-- Task directions --
Return the lines of the data below, from the one containing "3D textured floral" through the very last, exactly and with both ends included; no pictures.

-- Given records --
* * * *
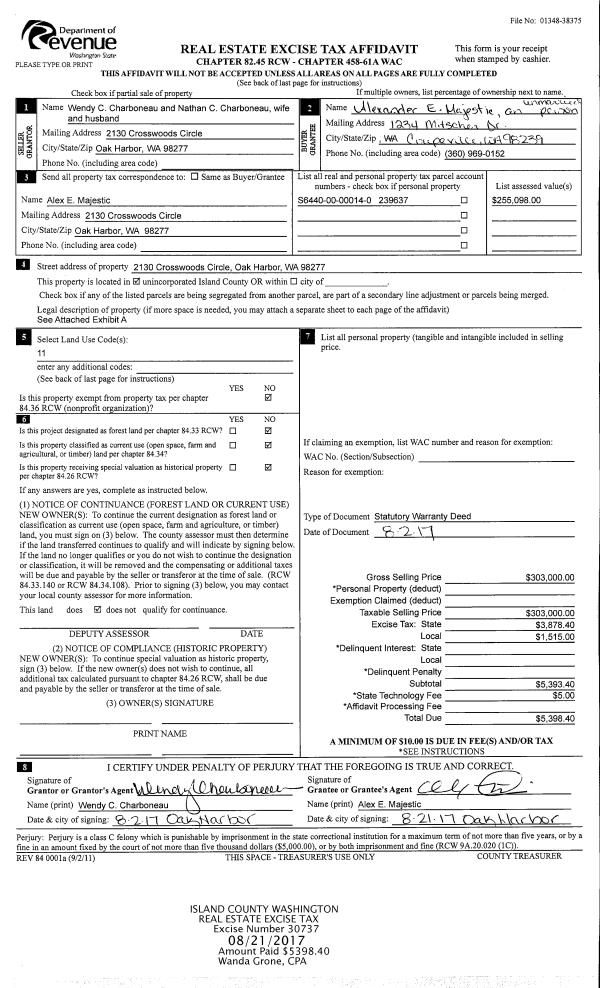 | Mailing Address: | 788 NW CATHLAMET DR OAK HARBOR, WA 98277 | % Ownership: | 100.0000000000% |
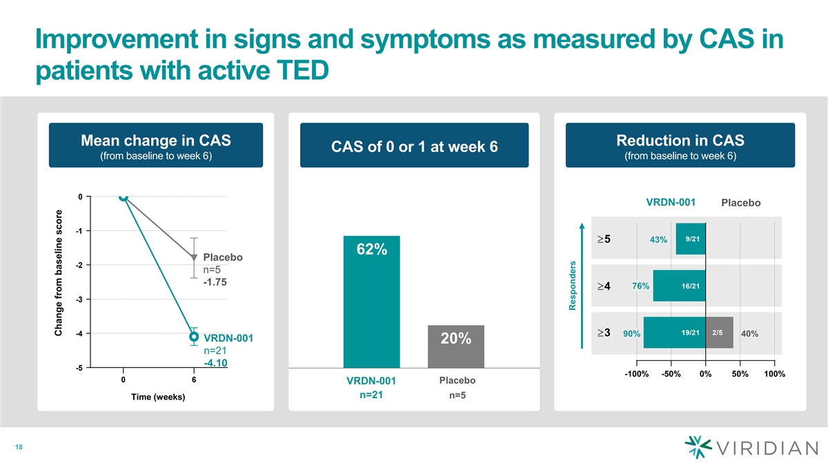 Improvement in signs and symptoms as measured by CAS in patients with active TED Mean change in CAS Reduction in CAS CAS of 0 or 1 at week 6 (from baseline to week 6) (from baseline to week 6) 0 VRDN-001 Placebo -1 9/21 ≥5 43% 62% 62% Placebo -2 n=5 -1.75 16/21 76% ≥4 -3 19/21 2/5 -4≥3 90% 40% VRDN-001 20% 20% n=21 -4.10 -5 -100% -50% 0% 50% 100% 0 6 Placebo VRDN-001 n=21 n=5 Time (weeks) 18 Change from baseline score Responders
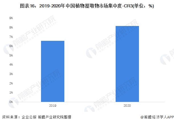 基于上述行业市场份额分析市场集中度情况,得到2019-2020年中国植物提取物行业市场集中度有所上升,CR3由6.58%上升至8.16%,头部企业竞争优势有所增强。
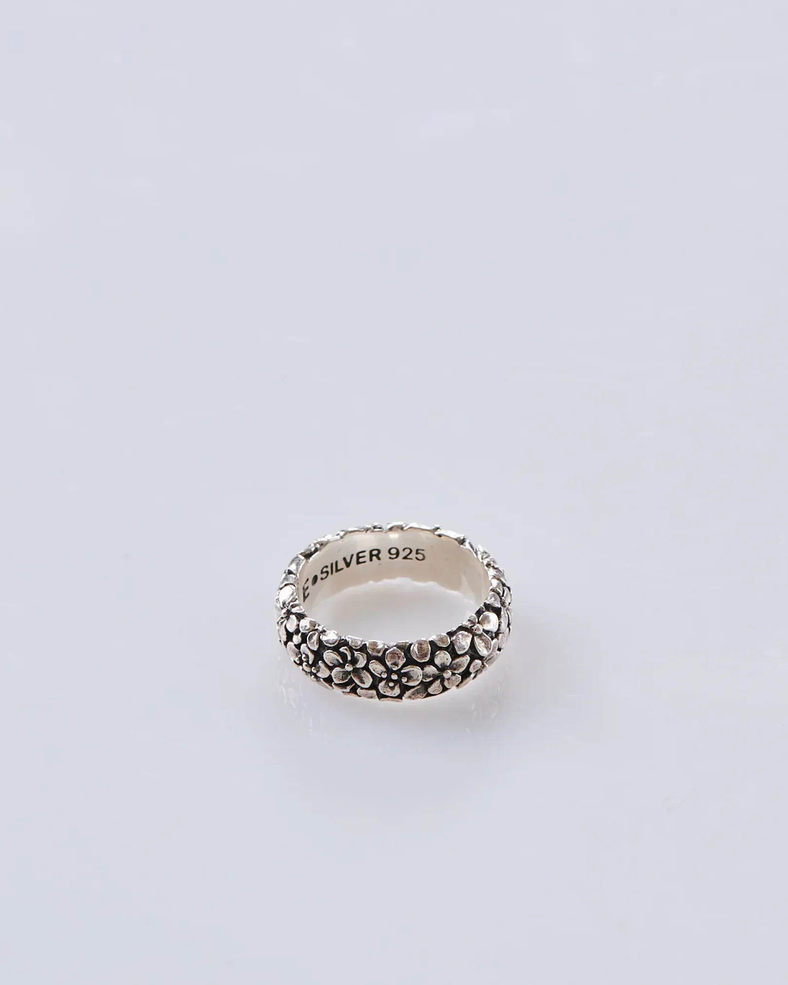 3D textured floral band. Silver 925 base, MAPLE logo and hallmarking inside.
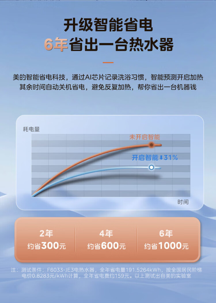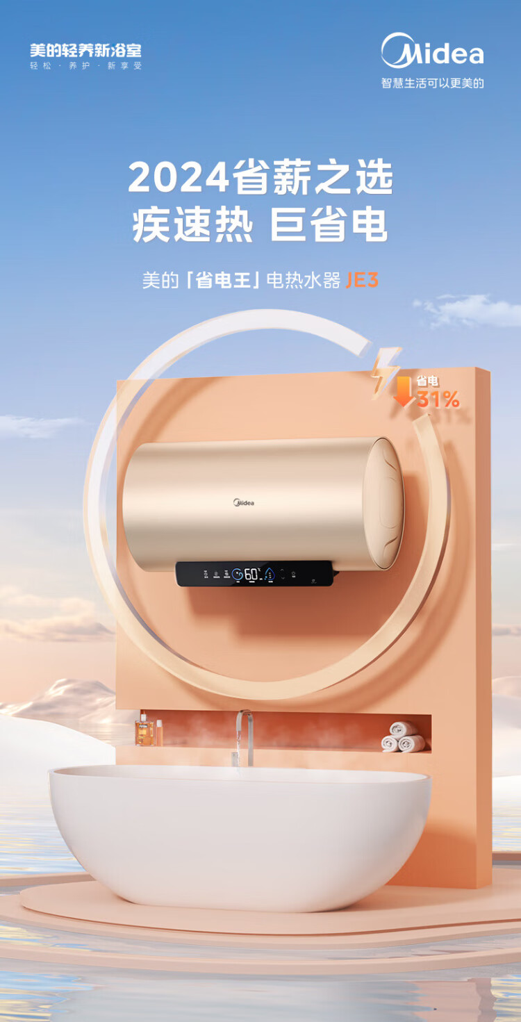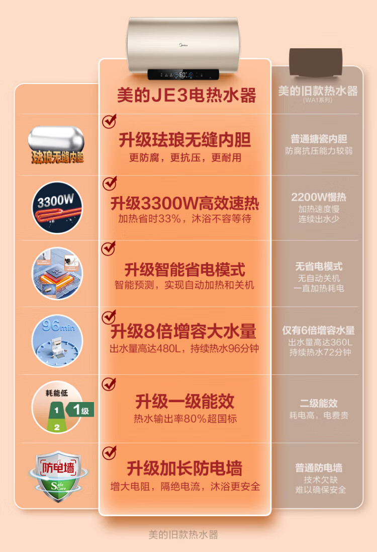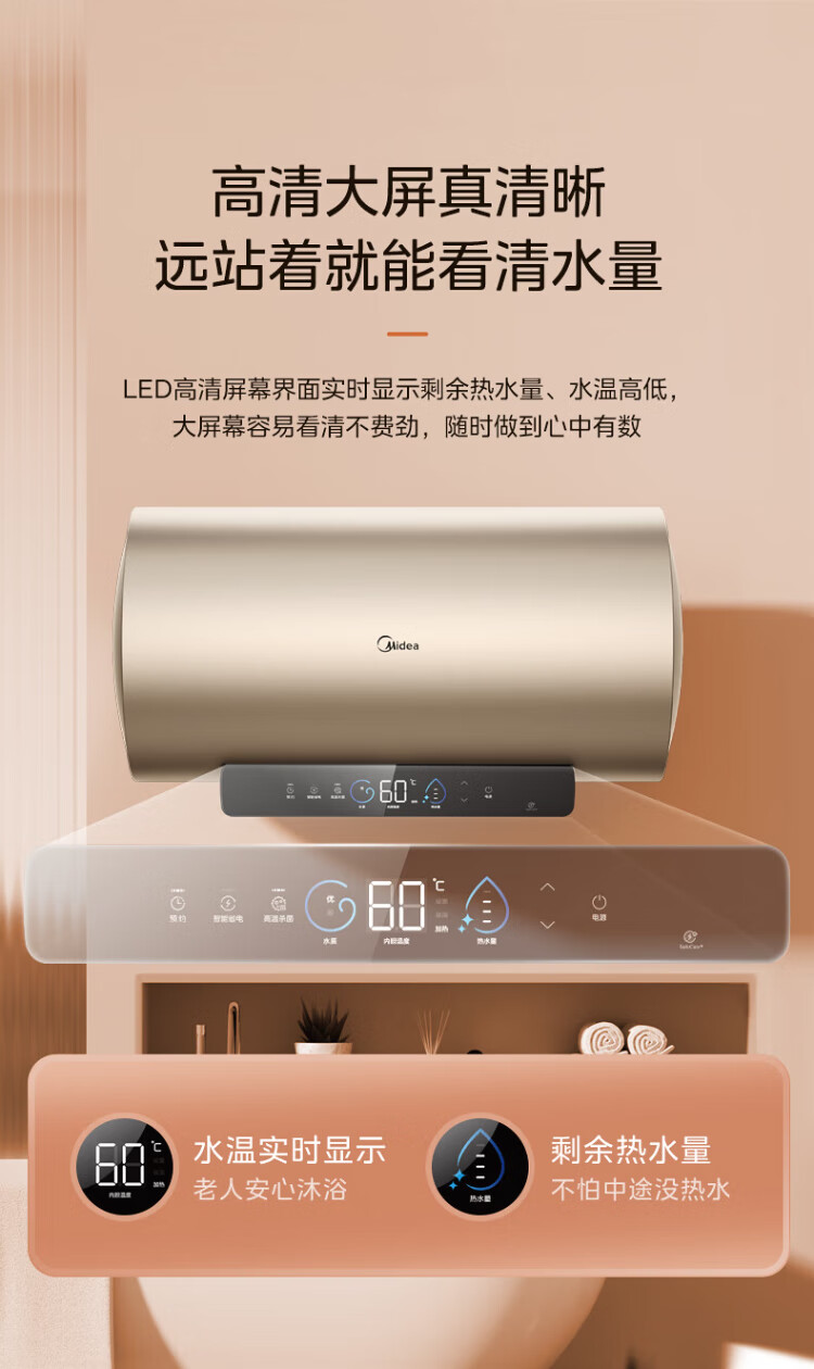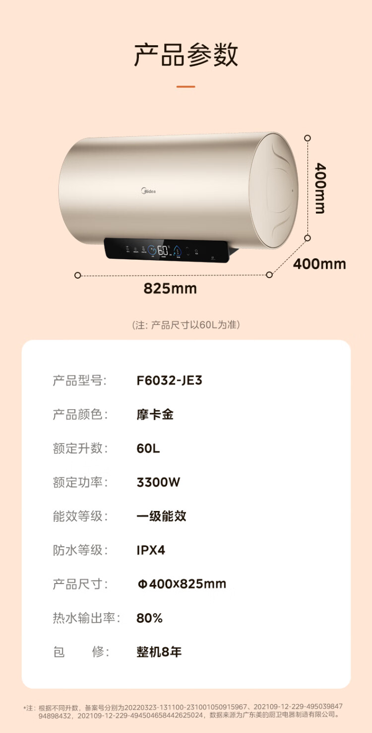 Midea household 60-liter 3300W high-power electric water heater, fast heating, large water volume, long-lasting, no-replacement magnesium rod, enamel seamless inner tank, first-class energy efficiency, intelligent power saving, F6032-JE3 (HE)
* * * *
-- Written response --
 3D textured floral band. Silver 925 base, MAPLE logo and hallmarking inside.
 Midea household 60-liter 3300W high-power electric water heater, fast heating, large water volume, long-lasting, no-replacement magnesium rod, enamel seamless inner tank, first-class energy efficiency, intelligent power saving, F6032-JE3 (HE)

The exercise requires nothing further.